SA Women in Sports show bright future

CAPE TOWN – With International Women’s Month in full swing, the theme of Embrace Equity couldn’t be more pertinent when it comes to South Africa’s sports industry. 

Despite producing world-class female athletes like Caster Semenya, Ashleigh Moolman-Pasio, and Natalie du Toit, research by SASCOC shows women receive less support than their male counterparts. 

The study also reveals that 99% of all sponsorship and funding money is directed toward men’s sports, highlighting clear gender disparities which undermine the basic principles of equal opportunities.

“Perhaps the most obvious one is that without proper funding, women’s sports teams may not have access to necessary resources like training facilities, equipment, kits, and coaching, which can hinder their ability to compete at a high level,” said Sports Activist and Endurance Sports Athlete, Ingrid Avidon.

 

Ingrid Avidon

“This lack of support can also lead to decreased participation rates among women, limiting the talent pool and making it harder to field competitive teams. 

“Unfortunately, women from disadvantaged backgrounds take the biggest knock when it comes to the lack of funding, as they already come from communities where the basic sporting facilities and necessities are limited.”

It’s for this reason that a year ago, Avidon went on a personal quest using her love of sports to launch a campaign called Be-ING, where she raised funds to introduce more female athletes from disadvantaged backgrounds into the world of sports and assist them with sporting necessities. 

“The goal is to bridge the funding gap and promote inclusivity, enabling and empowering women from diverse backgrounds to engage in sports,” she said.

To celebrate Women’s Month and heed to the global calls to #EmbraceEquity, global sportsbook and gaming provider – 10bet is collaborating with Avidon on her mission by supporting two female development cyclists, Yonela Charlie (23)and Omphile Motaung (25).

Avidon, Charlie and Motaung will take part in the Race to Willowmore (RTW) on the 27 March in Cradock.
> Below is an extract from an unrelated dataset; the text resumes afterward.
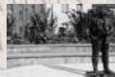
Dalle de Besançon, France, place de la mairie, rebaptisée « Esplanade des Droits de l'Homme »

This gruelling cycling challenge spans over five days, covering a distance of 530km. The race is especially unique as it is not marked, so riders need to use maps, a compass, and narrative directions as a means of navigation without the aid of GPS.

“Women are often key agents of change in their communities, with the potential to create a ripple effect that benefits society at large. For example, when you support women in sports, you create opportunities for female athletes to serve as role in their communities,” said Zanele NhlapoCSR & PR Manager at 10bet Africa.

“Adequate funding and support for women’s sports is crucial for the growth of the sporting industry. Everyone in the industry can benefit by supporting women’s sports through partnerships and collaboration.”